The other day, one of my publishers posted a picture of my book, Everything Isn’t Terrible, on social media. I try my best not to read people’s comments, but I couldn’t help but notice one:
The planet is BURNING, DROWNING, DYING! We need to STOP looking at ourselves, like the NARCISSISTS we are AND BE PROACTIVE about why we were put on this Earth.
While I appreciate the passion and urgency of ANGRY COMMENT person, I have to disagree with them. Looking at ourselves, and harnessing our ability to act outside the bounds of a panicked, reptilian brain, is exactly what makes us human. And it’s exactly what will save us and the planet from ourselves.
It’s a common sentiment these days that if you’re not angry or anxious, then you’re not paying attention. Perhaps this is true—it’s impossible to read the news and not feel fearful or hopeless. How we choose to respond to these facts, however, is more interesting to me than the degree of our panic. Because when we feel panicked about politics or the environment, often our reactions become more about relieving the anxiety we feel in the moment than about generating thoughtful, reality-based solutions to the world’s problems.
Rapid, emotion-filled responses can be an important part of change. But so is the steady, daily work of responding to complex problems. It is deeply uncomfortable to know that throwing money at a problem, shouting at someone on Twitter, or attending a few protests isn’t going to fix everything.
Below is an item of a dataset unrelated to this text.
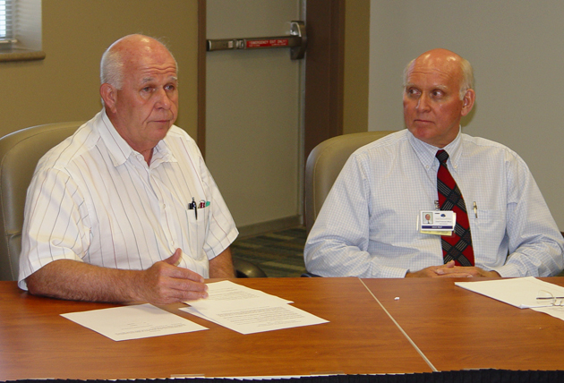 BRHS hospital board member Hood Richardson, left, shares his thoughts on appointing Susan Gerard as full-time CEO, as the new CFO Richard Reif, right, listens.| BRHS replaces Chief Financial Officer | Regional Health System, Governing Beaufort County | Beaufort County Government's General Meeting Agenda: Monday, October 4, 2010 |

So uncomfortable that it’s easy to lose focus and simply react to news cycles, instead of staying in touch with the longer story of a global problem.
As a therapist, I often ask my clients to describe the difference between reacting anxiously to a problem and responding to it with their best thinking. Because in our families, our work, and the larger world, we are doing the former a good 90% of the time. Here are a few examples.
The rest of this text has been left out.